Signal Corps of the Wehrmacht and Waffen SSDescription : The Signal Corps or Nachrichtentruppe, in the sense of signal troops, was an arm of service in the army of the German Wehrmacht and Waffen SS, whose role was to establish and operate military communications, especially using telephone and radio networks.By order of the Oberkommando der Wehrmacht dated 14 Oct 1942, it was part of the combat arms of the German Wehrmacht and Waffen SS until 1945.The colour allocated by the Wehrmacht and Waffen SS in 1935 to their signal corps was lemon yellow. B... Page:s

Standard of the Nachrichtentruppe
Signallers with light army field wagon in the First World War
Lieutenant's epaulette in the lemon yellow corps colour

The Signal Corps or Nachrichtentruppe, in the sense of signal troops, was an arm of service in the army of the German Wehrmacht and Waffen SS, whose role was to establish and operate military communications, especially using telephone and radio networks.

By order of the Oberkommando der Wehrmacht dated 14 Oct 1942, it was part of the combat arms of the German Wehrmacht and Waffen SS until 1945.

The colour allocated by the Wehrmacht and Waffen SS in 1935 to their signal corps was lemon yellow. By contrast, the corps colour of the air force signal troops of the Luftwaffe was brown.

Background: First World War and Reichswehr

Signals detachment with light army field vehicle during the First World War

The precursor of the German Signal Corps was the Telegraph Corps formed in 1899 as a separate arm of service. Telegraph battalions, fortress and army signal units were not combined into the Signal Corps, the Nachrichtentruppe, until 1917, during the First World War. In addition to radio and telephone communications, the newly developed teleprinters, carrier pigeons and heliographs were used for messaging. During the First World War, radio telegraphy took on increasing importance. For example, in 1915 teleprinters were first used by the air force, for artillery observation. In 1916, the first signallmen equipped with mobile radios were operating on the front line.
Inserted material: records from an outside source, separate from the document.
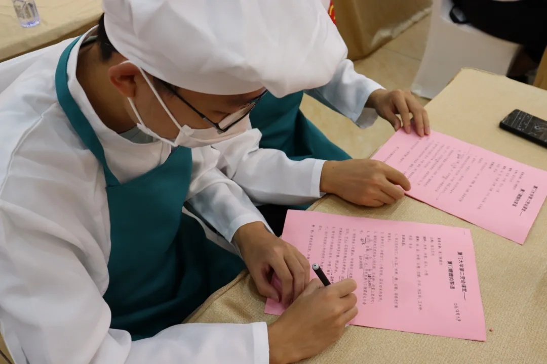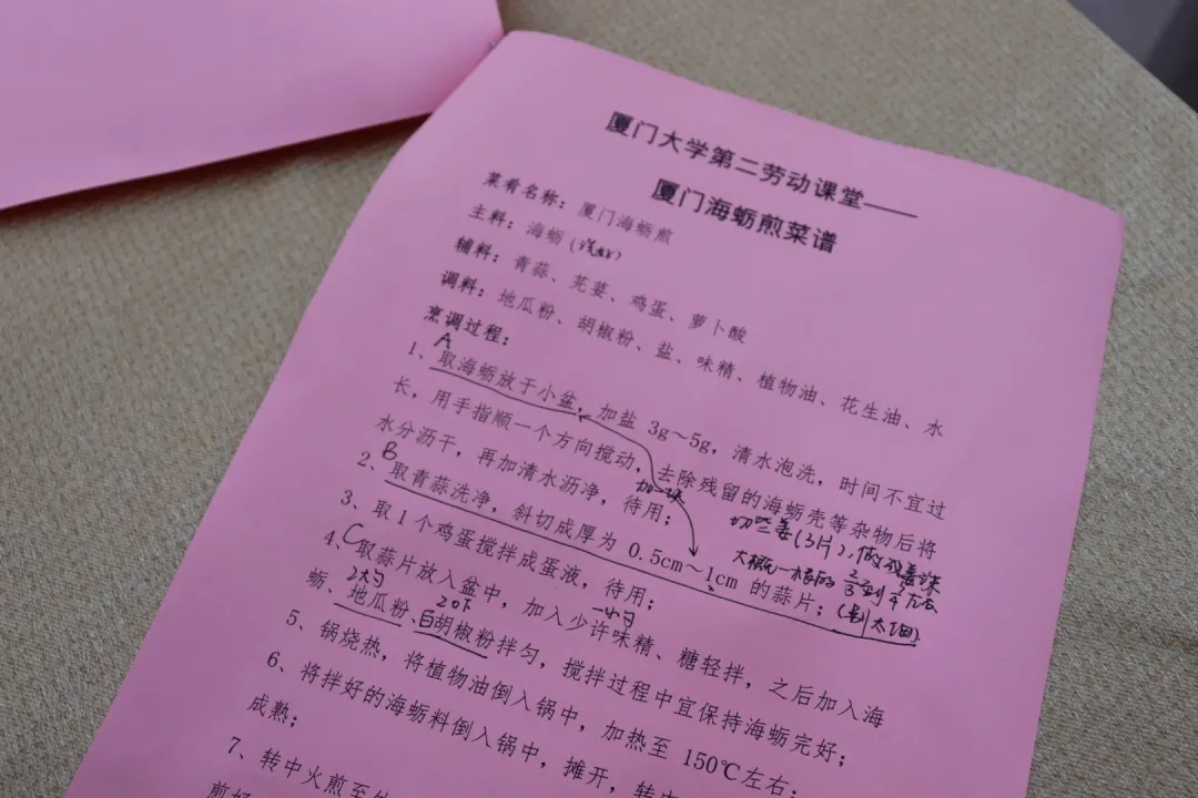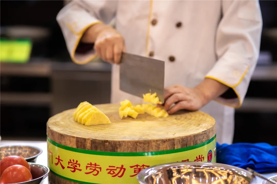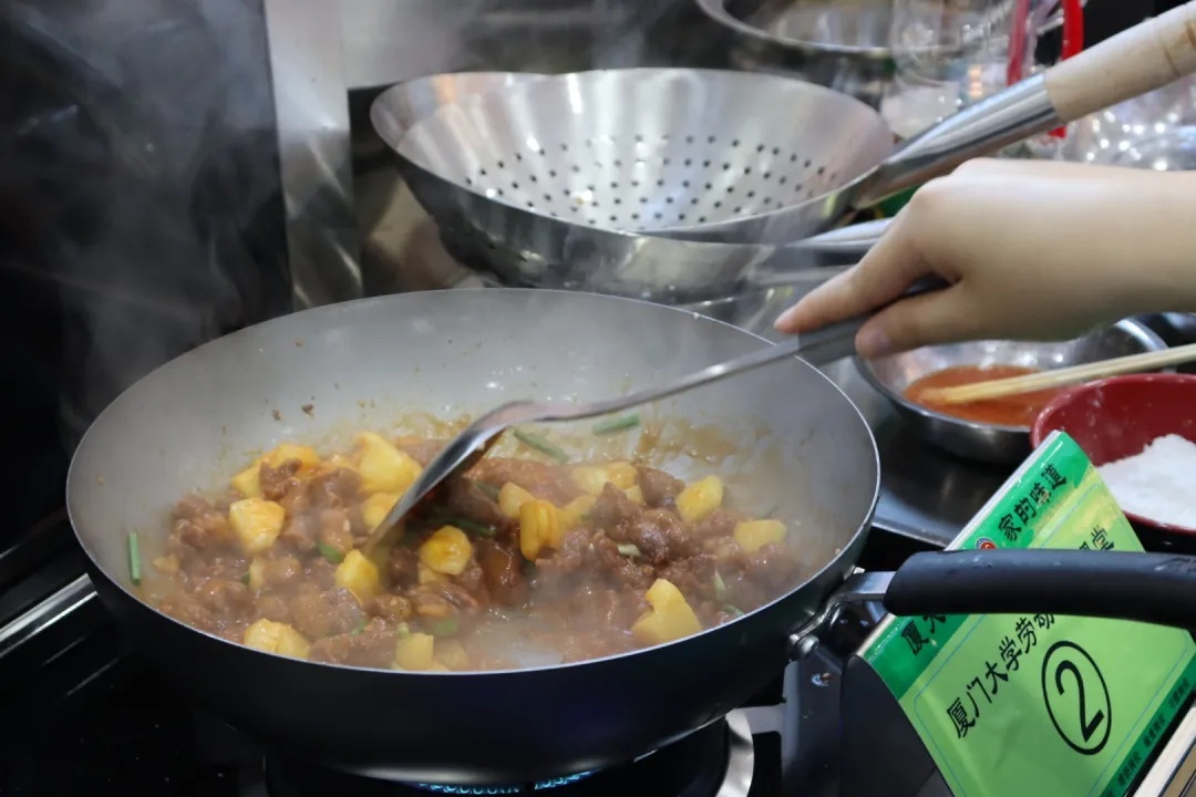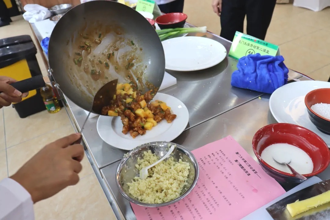 在厨艺课上,同学们跟着来自厦门大学后勤集团的大厨们,学习烹饪糖醋肉和海蛎煎
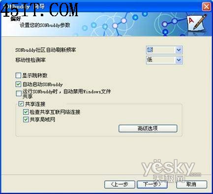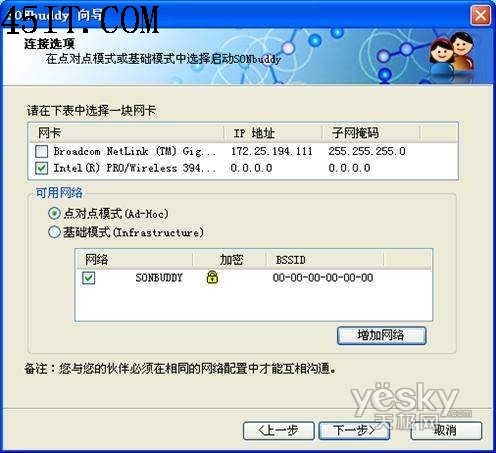 首先我们在需要对联的电脑上安装好该程序,并将一台电脑设置为主机。在该主机上运行SONbuddy程序,程序提供了设置向导方式,我们只需按照提示一步步操作即可。在设置过程中值得注意的是,在“可用网络”项中点选“点对点模式(Ad-Hoc”,并勾选下面 “SONbuddy”复选框(图3。
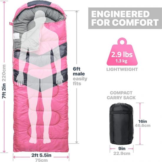 Nossos sacos de dormir são feitos de 100% poliéster, medem 220 cm x 80 cm e pesam apenas 1,3 kg. Sacos de dormir de alta qualidade são adequados para uso na primavera, verão, outono e clima frio, classificados para temperaturas de 40°F a 77°F, com uma temperatura de conforto ideal de 62°F a 75°F.
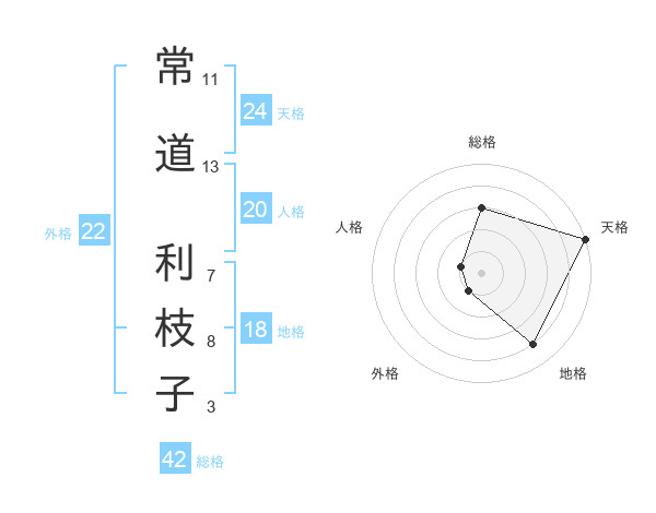 常道 利枝子さんを姓名の画数から五運を鑑定
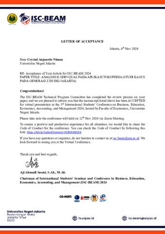 Niman, Crystal Anjanette (2025) ANALISIS E-SERVQUAL PADA APLIKASI TOKOPEDIA (STUDI KASUS PADA GENERASI Z DI DKI JAKARTA). S1 thesis, Universitas Negeri Jakarta.
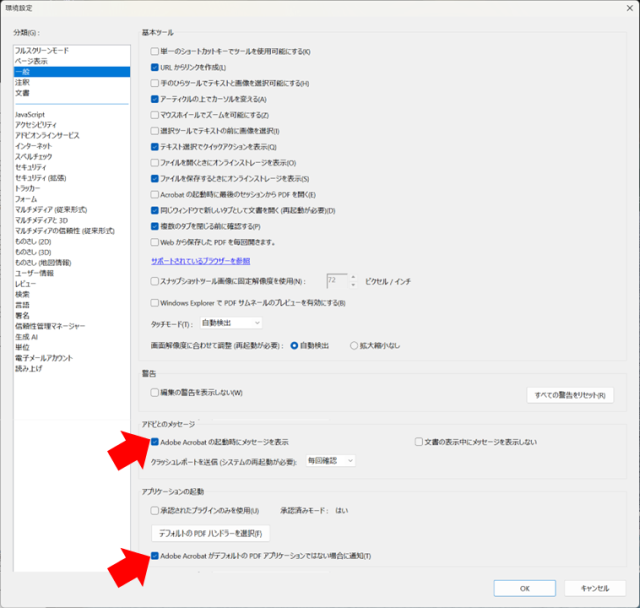 - Adobe Acrobat がデフォルトのPDFアプリケーションではない場合に通知
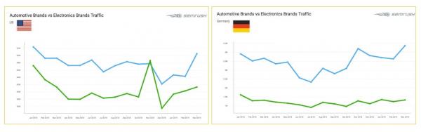 日本と同じく自動車生産台数が世界でも有数のアメリカとドイツで、自動車業界と電子機器業界のWebサイトへの流入量を調べました。
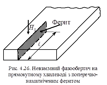 Припускається, що по прямокутному хвилеводу роз-повсюджується хвиля Н10. Феритова пластина зсунута вбік від осі хвилеводу. Теорія розповсюдження хвилі через такий фазообертач показує, що для прямої та зворотної хвиль коефіцієнт фази буде різний
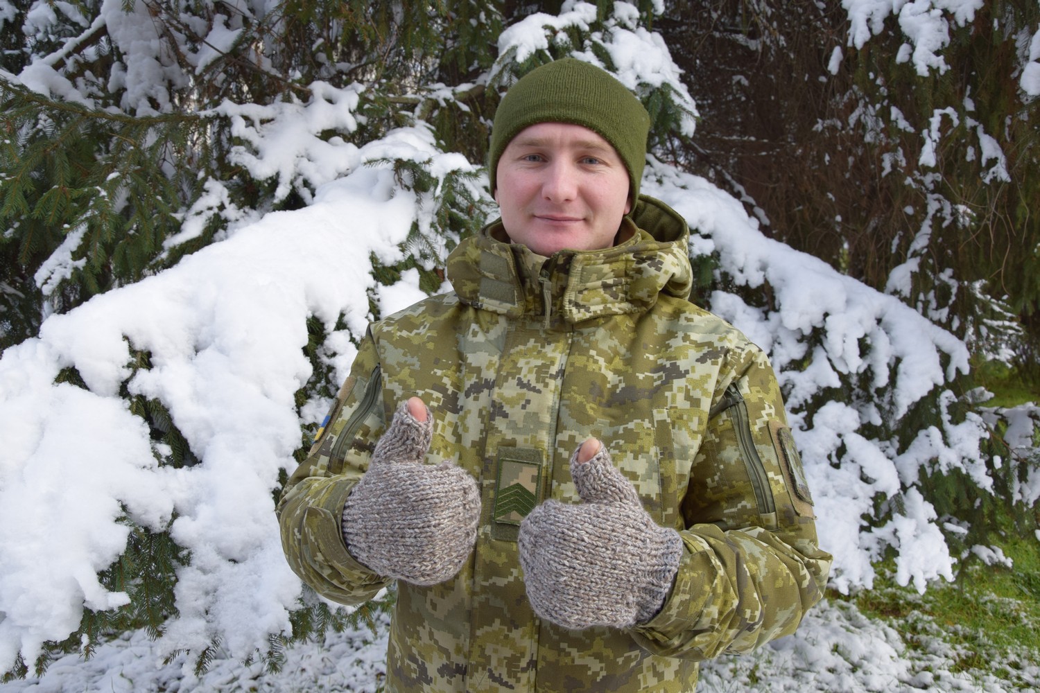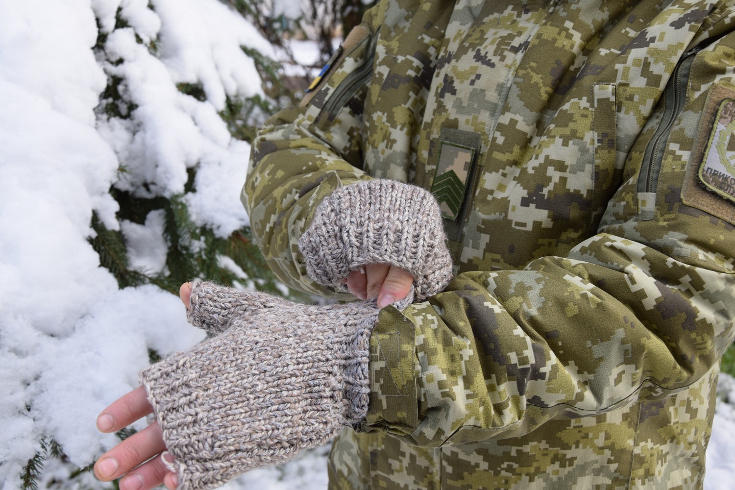 Перчатки практичные, связанные с учетом специфики выполнения задач военнослужащими - чтобы можно было открытыми пальцами работать. Цвета также подобраны так, чтобы подходили к месту и условиям несения службы.

In the Reichswehr from 1921 each division had a communications unit with two companies. As well as radio and telephone communications, signal pigeons were also used for the transmission of information. From 1930, Enigma cypher machines were used for the first time to automatically encrypt secret information.

Mercedes signals vehicle of the Reichswehr in 1925
Mobile radio station of the Mobiler Landfunkdienst on a Reichswehr HF signals wagon (HF-Funkenwagen) in 1928.

Signal Corps of the Wehrmacht

Creation

Mobile radio station of the Mobiler Landfunkdienst on a signal vehicle (HF long-haul communications) (Funkenwagen (HF-Weitverkehr)) on exercise in summer 1935

During the rearming of the Wehrmacht the first top secret rearmament measures were carried out in spring 1933. These measures included the formation of new units and the establishment of a second signal company in existing units, the recruiting of officer cadets resulting in an eightfold increase over that on 1 April 1933, the reinforcing of the officer and NCO cadre by former signals soldiers, and their training through various courses. From 1934, from the old signal units the required cadre of officers and soldiers was drawn for the establishment of new formations, the divisions of the Wehrmacht each receiving a signal unit. Meanwhile the Signal Corps steadily expanded its field of expertise; they now had light, medium and heavy telephone troops, telephone exchange and telephone operating troops, telegraph construction troops, light and heavy radio troops, miniature radio troops, two-way radio troops, radio surveillance troops, patrol radio troops, cypher and evaluation troops and battery charging troops.

From 1935, the training of the Signal Corps was carried out at the Army and Air Force Signal School (Heeres- und Luftnachrichtenschule) and, from 1936, the Army Signal School (Heeresnachrichtenschule) in Halle-Dölau. Two central bunker systems were built as communication centres in Zossen and in Ohrdruf.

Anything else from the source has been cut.